P(G/D) - the probability of the group given the data.
partial correlation coefficient - the correlation between that variable and the residual of the previous model.
plane - a two-dimension surface in a three-dimensional space.
posterior probabilities - the probability of belonging to a particular group given additional information about the unit.
predictor variable - see independent variable.
prior probabilities - the likelihood of belonging to a particular group given no other information is available. They are symbolized by P(G).
R square change - the difference in the unadjusted multiple correlation coefficient squared between a partial model and a full model.
R squared change - the difference in the multiple R squared between a full model and a partial model.
regression coefficients - the weights in a linear model that optimally predict a dependent variable.
residual - the difference between an observed and predicted value.
sequential regression models - a statistical procedure that uses multiple regression to examine how adding independent variables in stages affects the prediction equation.

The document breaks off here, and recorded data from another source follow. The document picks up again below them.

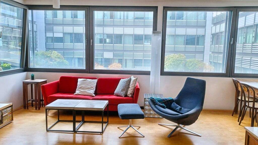 Die Businesswohnung mit kosmopolitischem Flair befindet sich im 5. Obergeschoss eines architektonisch interessanten Gebäudekomplexes der Postmoderne. Das luxuriöse Apartmenthaus mit Aufzug, Tiefgarage, Doorman und Gemeinschaftsdachterrasse liegt mitten in der Stadt.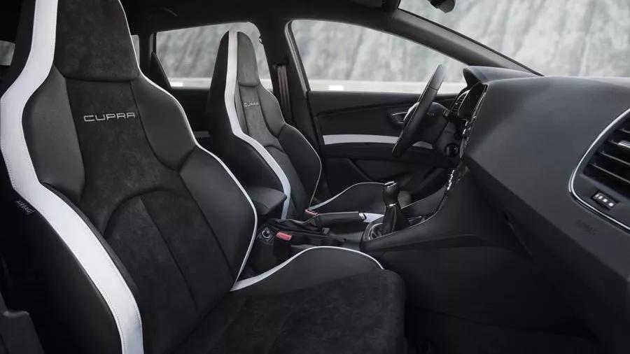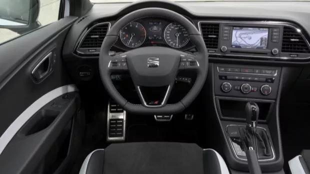 De Seat Leon ST Cupra 280 rijdt zoals je van een zo sportieve auto verwacht. Hij is stevig geveerd – al wordt dat nooit oncomfortabel – en hij is pijlsnel. Vooral in tussen-acceleraties schrik je de eerste keer van manier waarop hij doortrekt. De testauto is uitgerust met een DSG-bak. Dat is een automaat met een dubbele koppeling. We besparen je de technische details maar waar het op neerkomt is dat zo’n bak ultrasnel schakelt. Wat de cijfers betreft, de Seat Leon ST Cupra 280 schiet in zes seconden vanuit stilstand naar 100 km/h en haalt een (begrensde) topsnelheid van 250 km/h. Ideale auto dus om mee over de Duitse Autobahn naar de vakantiebestemming te rijden. Ook een bocht ronden met deze auto is een feest. Onder meer dankzij een mechanisch sperdifferentieel heb je heel veel grip en stuurt hij zo scherp als een scheermes. Wat de wegligging betreft, je kun de demping aanpassen. In de stand comfort is het een prettig geveerde auto, in de stand Cupra is hij vooral geschikt voor een dagje boenderen op een circuit. De Leon is dan snoeihard geveerd en de karakteristiek van de automaat is dan ook anders. Geweldig als je een keer echt gas wilt geven. Het onderstel is overigens standaard 25 millimeter lager dan van een gewone Leon ST. Minpunten zijn er ook. Zo is de Leon ST Cupra 280 door zijn brede banden erg gevoelig voor sporen in het wegdek en zorgen diezelfde banden ook voor flink wat lawaai.De Seat Leon ST Cupra 280 van binnen
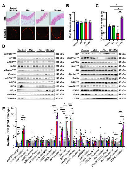 We assessed the histological vascular phenotype in the subacute protocol in the context of identifying potential permanent vasculature damage regarding altered wall thickness and collagen deposition. Carfilzomib administration alone did not induce changes in the vascular wall thickness as assessed by hematoxylin–eosin (H&E) staining (Figure 3A (upper panel),B), while Cfz+Met cotreatment led to a significant increase in collagen deposition (Figure 3A (lower panel),C). Immunoblotting analysis showed that metformin decreased mammalian target of rapamycin (mTOR) phosphorylation versus control. Carfilzomib caused a decrease in the phosphorylation of mTOR, AMP-activated kinase α (AMPKα) and protein kinase B (Akt) compared to the control and to increased mTOR, inositol-requiring enzyme-1α (IRE1α), inducible nitric oxide synthase (iNOS), calnexin, binding immunoglobulin protein (BIP) and LC3-B expression, an upregulation of endoplasmic reticulum (ER) stress (as shown by the ER stress markers IRE1α, calnexin and BIP) and increased autophagy (as shown by the autophagy marker LC3-B). Interestingly, coadministration of carfilzomib and metformin led to an even greater decrease in mTOR phosphorylation and αSMA expression, as well as an increase of LC3-B and IRE1α expression compared to the control group, demonstrating sustained ER stress and increased autophagy in the aortas. Coadministration of the drugs led to a minor but significant decrease in BIP and calnexin expression, which remained significantly increased compared to the control group, and to a restoration of both AMPKα and Akt phosphorylation, as demonstrated previously by our group in the murine myocardium [11] (Figure 3D,E). Importantly, endothelial markers such as endothelial nitric oxide synthase (eNOS) and vasodilator-stimulated phosphoprotein (VASP) phosphorylation and expression were not affected by treatments administration. The increased LC3-B and decreased αSMA expression was further confirmed by immunofluorescent confocal microscopy (Figure S3). Conclusively, carfilzomib appeared to induce autophagy and ER stress in the aortic vasculature. Carfilzomib and metformin coadministration amplified the autophagic signaling and decreased vascular αSMA expression, with no effect on the endothelial homeostasis.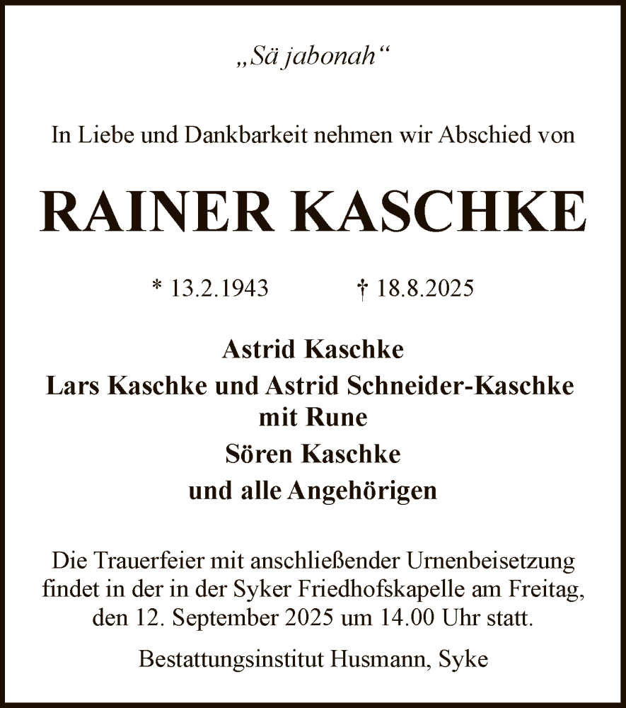 Hier finden Sie alle Traueranzeigen aus der Zeitung, die bisher für Rainer Kaschke erschienen sind. Weitere Traueranzeigen, die in der Zeitung erscheinen, werden hier ebenfalls aufgelistet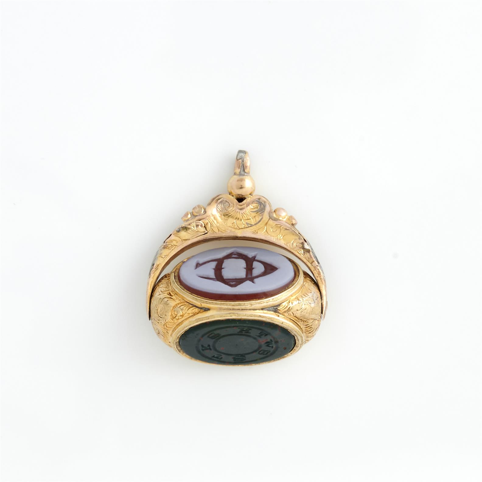 AN ANTIQUE MASONIC HARDSTONE SPINNER SEAL IN 9CT GOLD AND GOLD PLATE, 25MM X 23MM, 8.6GMS

shrinkage - the loss of predictive power in a model when a sample other than the sample used to create the model is used.
simple main effect - changes in a dependent variable at different levels of another variable, given the value of another variable remains constant
simple main effect - is a main effect of one factor at a given level of a second factor.
squared residual - the squared difference between an observed and predicted value.
standard error of estimate - a measure of error in prediction.
step-down regression - a multiple regression modeling procedure that sequentially subtracts variables from the regression equation based on how little additional predictive power the variable adds to the current prediction equation.
step-up regression - a multiple regression modeling procedure that sequentially adds variables to the regression equation based on how much additional predictive power the variable adds to the prediction equation.
suppressor variable - an independent variable that does not by itself correlate highly with the dependent variable, but when included in a set of independent variables causes the set as a whole to be more highly correlated with the dependent variable.
tolerance - the degree to which an independent variable cannot be predicted by other independent variables.
univariate analysis - analysis of each variable individually
unstandardized canonical discriminant function coefficients - weights in a linear model used to combine variables or scores to predict group membership. These weights are optimized to maximally discriminate among groups.
Wilks Lamba - a measure of relationship between group membership and interval variables.